We have no plans or arrangements in respect of remuneration received or that may be received by our executive officers to compensate such officers in the event of termination of employment (as a result of resignation, retirement, change of control) or a change of responsibilities following a change of control, except for the following: (i) Dr. Shai Meretzki, whose termination provisions provide for 6 months’ payment on termination, which at current salary would total approximately $120,000; (ii) options issued to Mr. Aberman fully vest upon a change of control, and in the event of termination of the Consulting Agreement, he will be entitled to 50% acceleration of all of his unvested options and to receive an adjustment fee that equals the monthly consulting fees multiplied by 3 plus the number of years the Consulting Agreement is in force from the second year, but in any event no more than nine years in the aggregate; and (iii) Mr. Yanay may be entitled, under Israeli law and practice, to severance payment that equals a month’s salary for each twelve-month period of employment with the company.
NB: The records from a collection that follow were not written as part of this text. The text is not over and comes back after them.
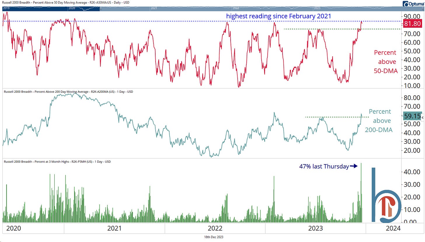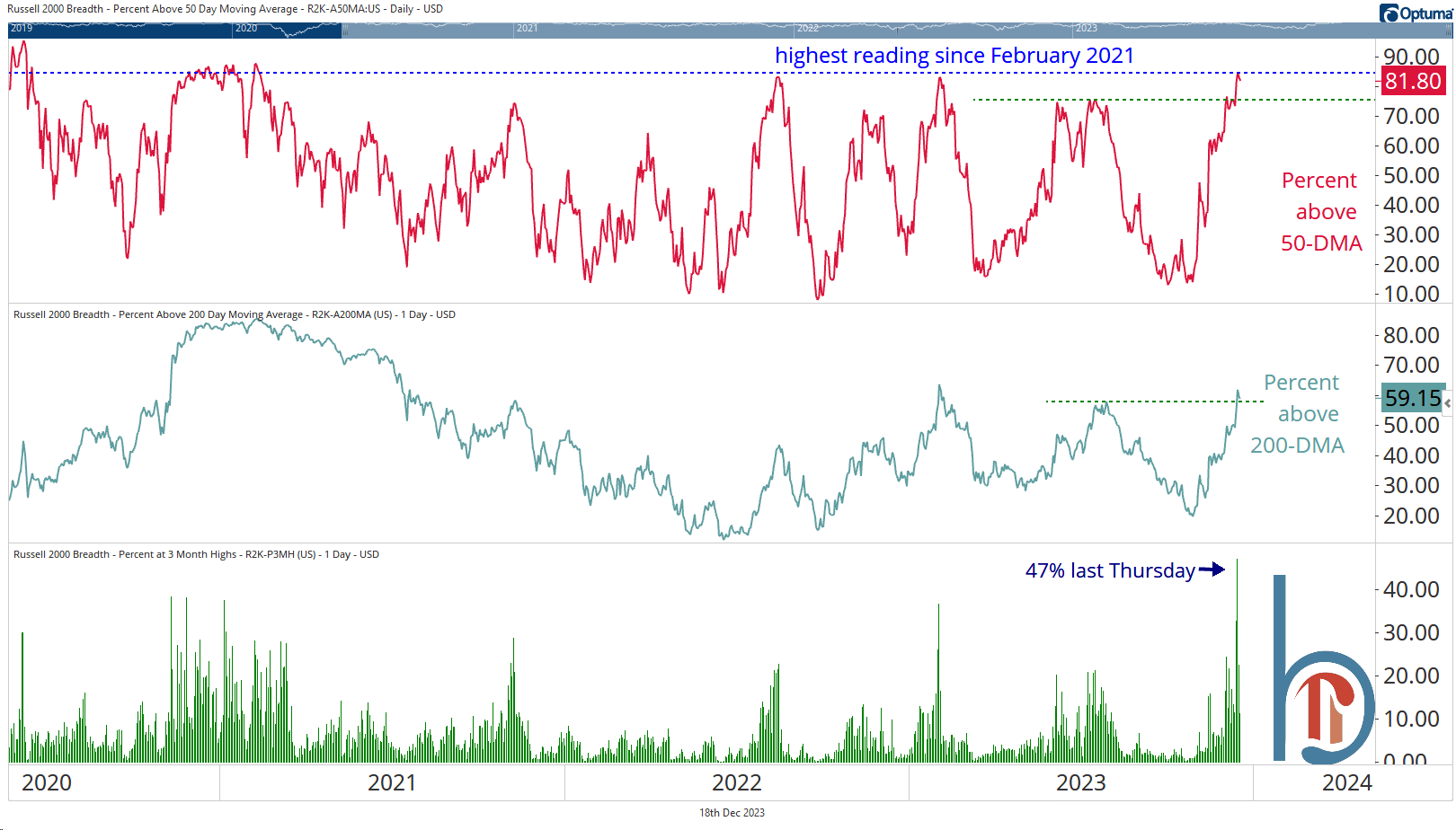 Small caps may be pulling back at the top of their range, but breadth leads price and the new high data says the Russell will break through. An astounding 47% of the index traded to a new 3-month high last Thursday (the 5th highest reading on record since 1990) and the percent of components above their 50-DMA just hit the highest level since the bear market started.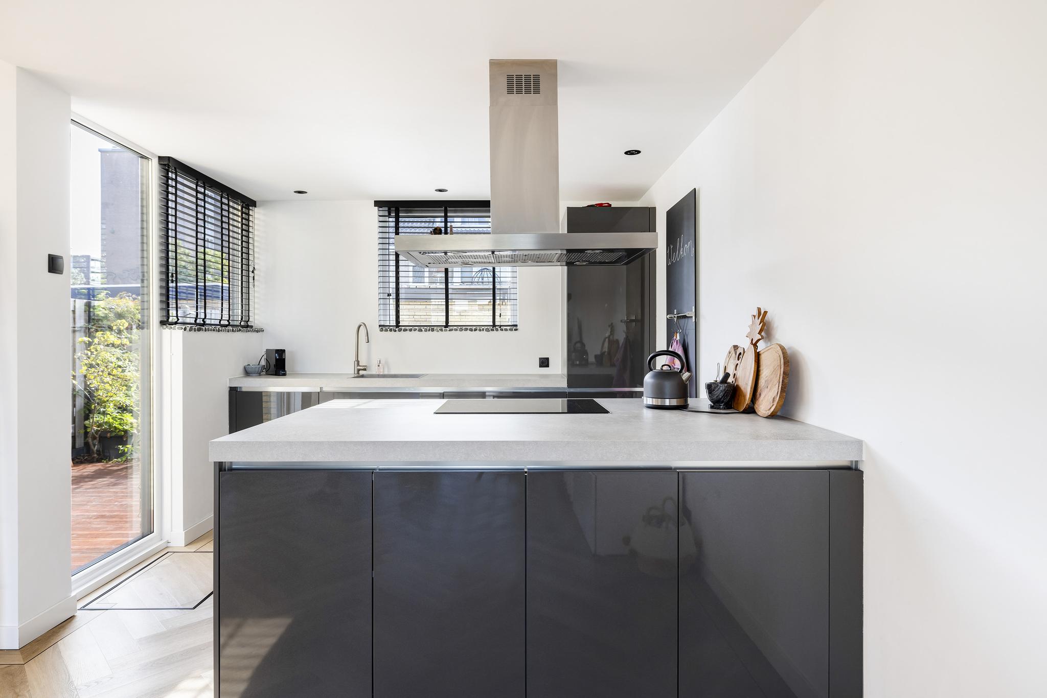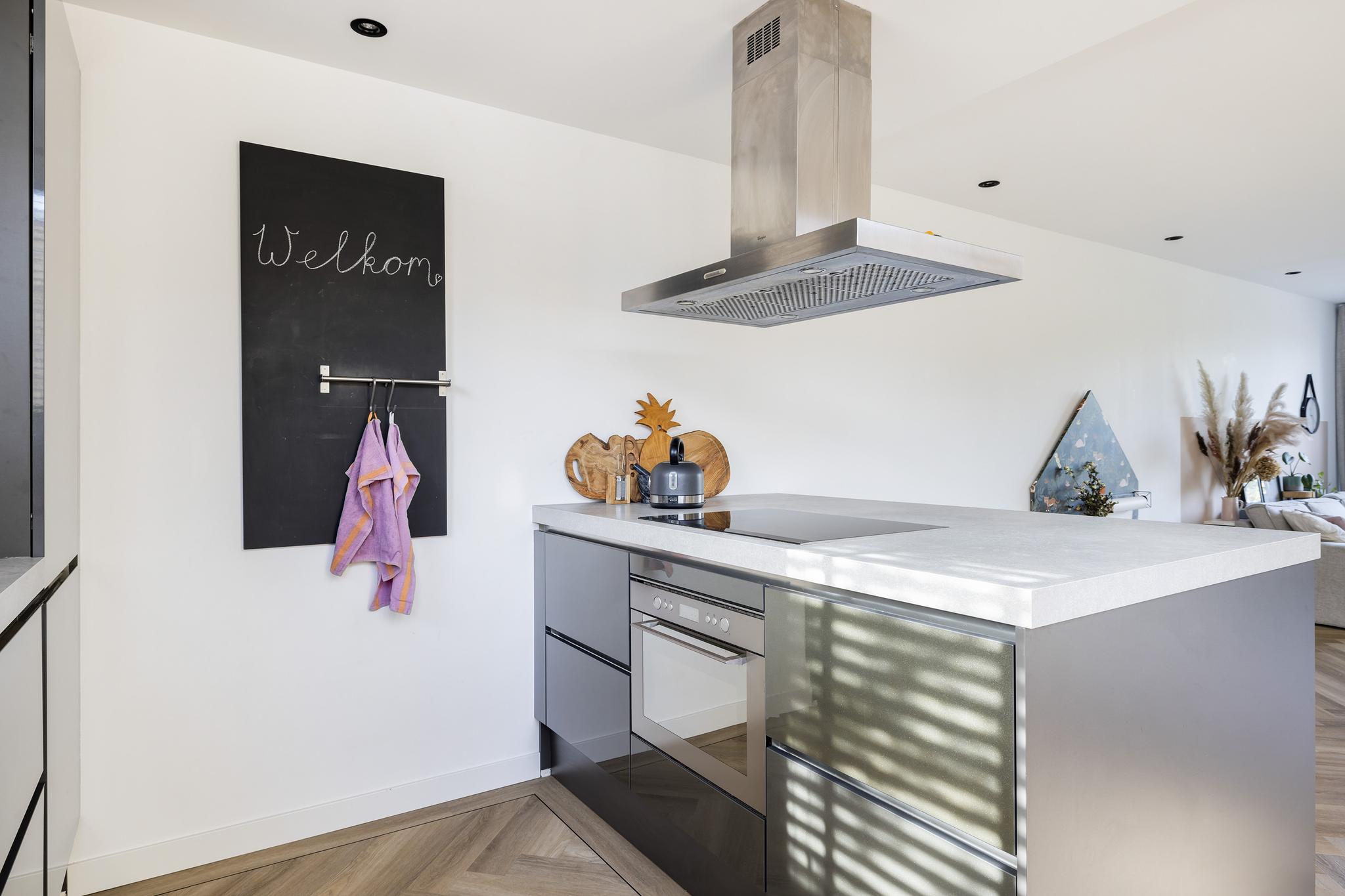 De keuken is voorzien van een vaatwasser (2021), keramische kookplaat (2021), spoelbak, koelkast met vriezer, combimagnetron, en eiland afzuigkap welke een uitvoer naar buiten heeft.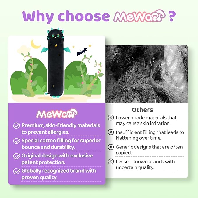 - Cat Body Pillow Multipurpose: We provide you not only a multiple-size hugging pillow, but also the best lumbar body pillow when you sitting on a sofa, and also the most comfortable sleeping pillow for a sweet sleep on the bed.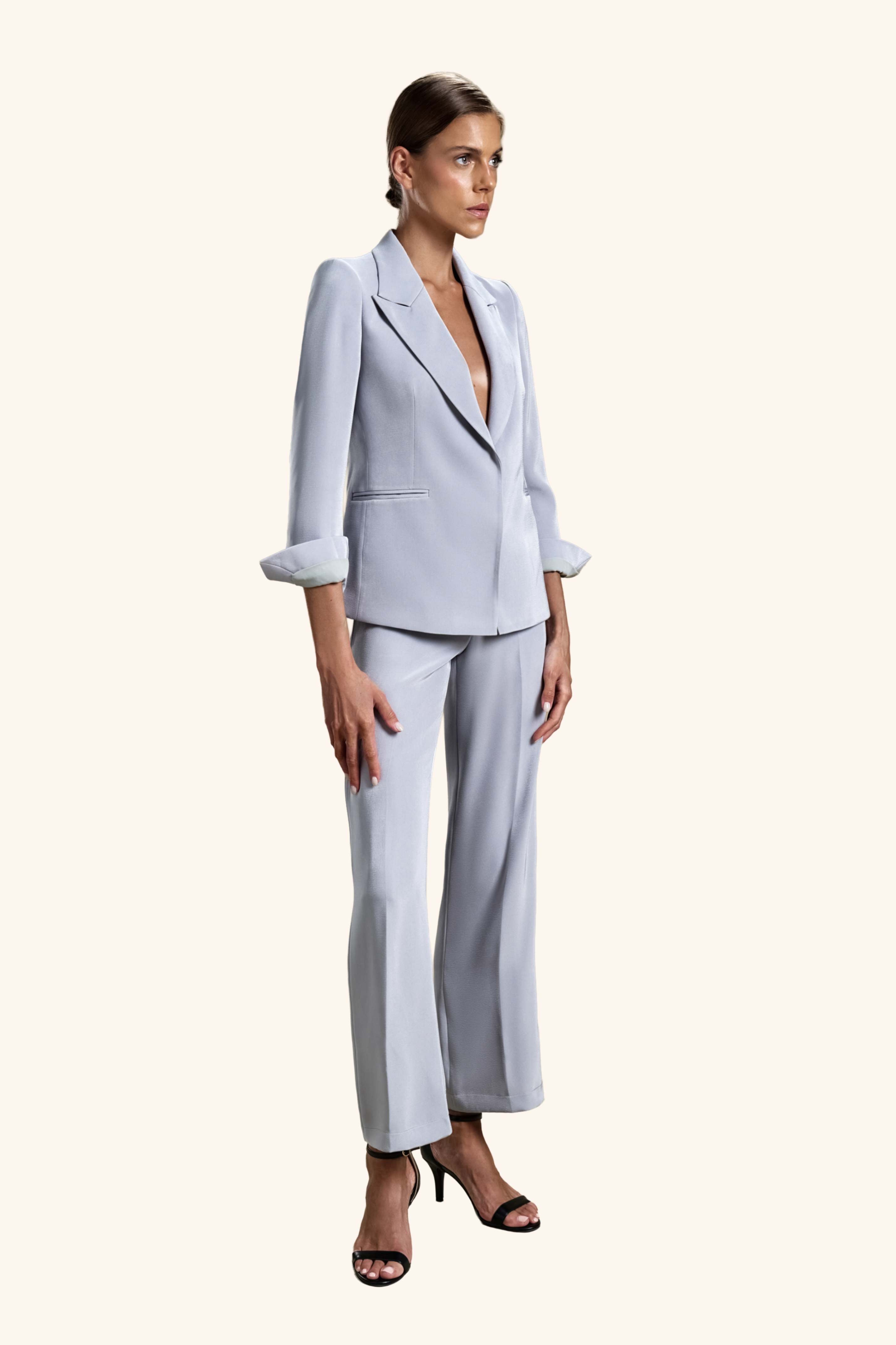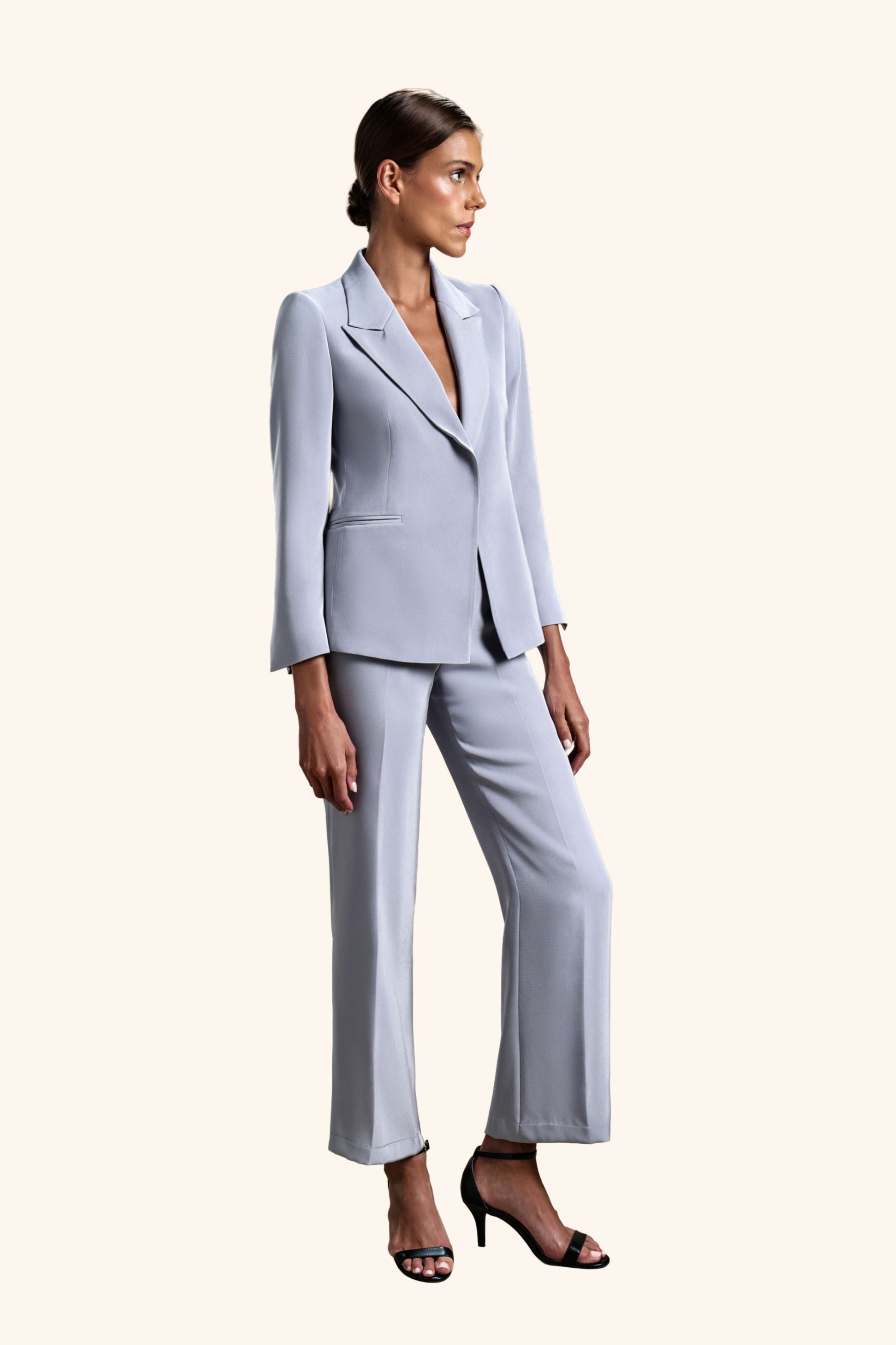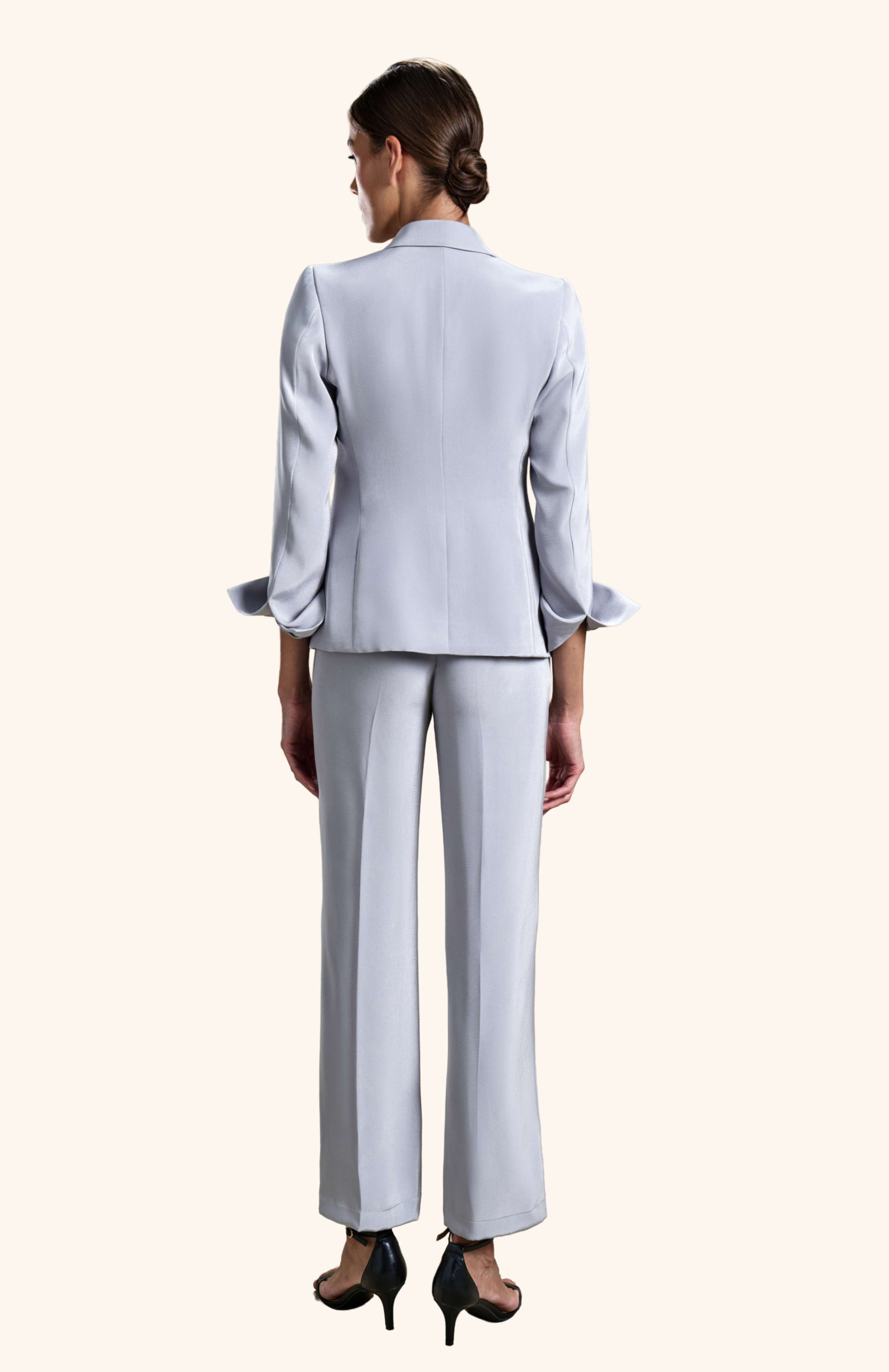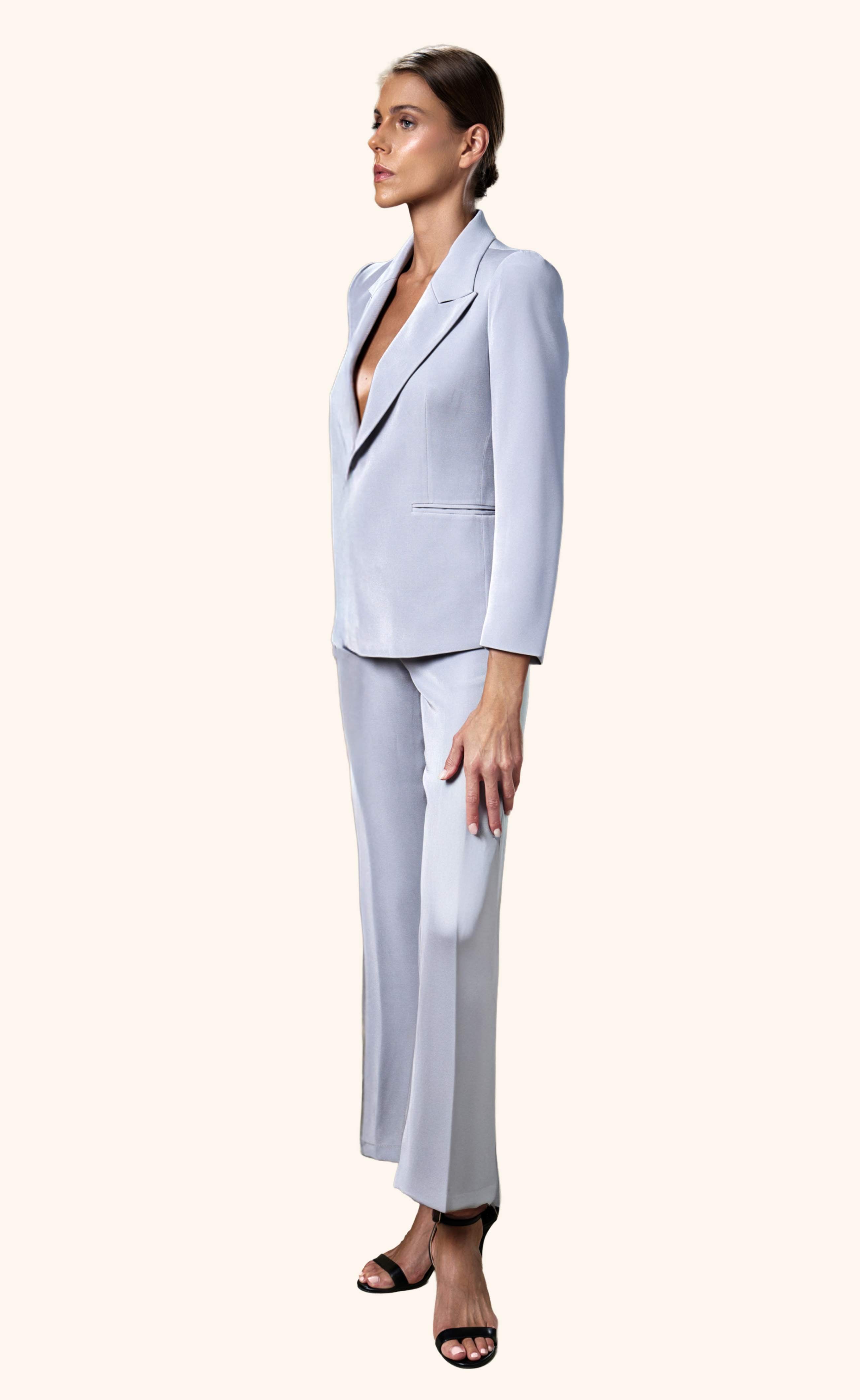 Granite Elegance from our Midnight Mirage SS2026 collection. Tailored blazer, wide-leg trousers, single-button. Crafted for executive / formal with polished tailoring.

Pension, Retirement or Similar Benefit Plans

There are no arrangements or plans in which we provide pension, retirement or similar benefits for directors or executive officers. Our directors and executive officers may receive stock options at the discretion of our Board in the future.

Outstanding Equity Awards at the End of Fiscal 2008

The following table presents the outstanding equity awards held as of June 30, 2008 by our Named Executive Officers:

Number of Securities Underlying Unexercised
Name
Options
Exercisable

Options
Unexercisable

Exercise
Price($)

Expiration Date
 
Zami Aberman      22,500    -    4.40    1/16/2016  
     22,500    7,500    4.00    10/30/2016  
     177,087    72,913    3.50    1/23/2017  
     26,250    78,750    4.38    12/25/2017  
Yaky Yanay*    15,625    46,875    4.38    12/25/2017  
     10,940    1,560    4.00    9/17/2016  
     35,424    14,576    3.50    1/23/2017  
Shai Meretzki*    7,500    -    4.40    1/11/2016  
     2,256    -    4.40    1/1/2013  
     938    312    3.80    12/26/2016  
     35,424    14,576    3.50    1/23/2017  

*The above securities do not include warrants received from participation in equity investments.

The options under each award vest over two years from date of grant, as follows: 25% vest six months after the date of grant, and the remaining options vest monthly, in equal installments over 18 months.

Aggregated Option/Exercises in Last Fiscal Year and 2008 Fiscal Year End Option/Values

During the fiscal year ended June 30, 2008, no stock options were exercised by our named executive officers.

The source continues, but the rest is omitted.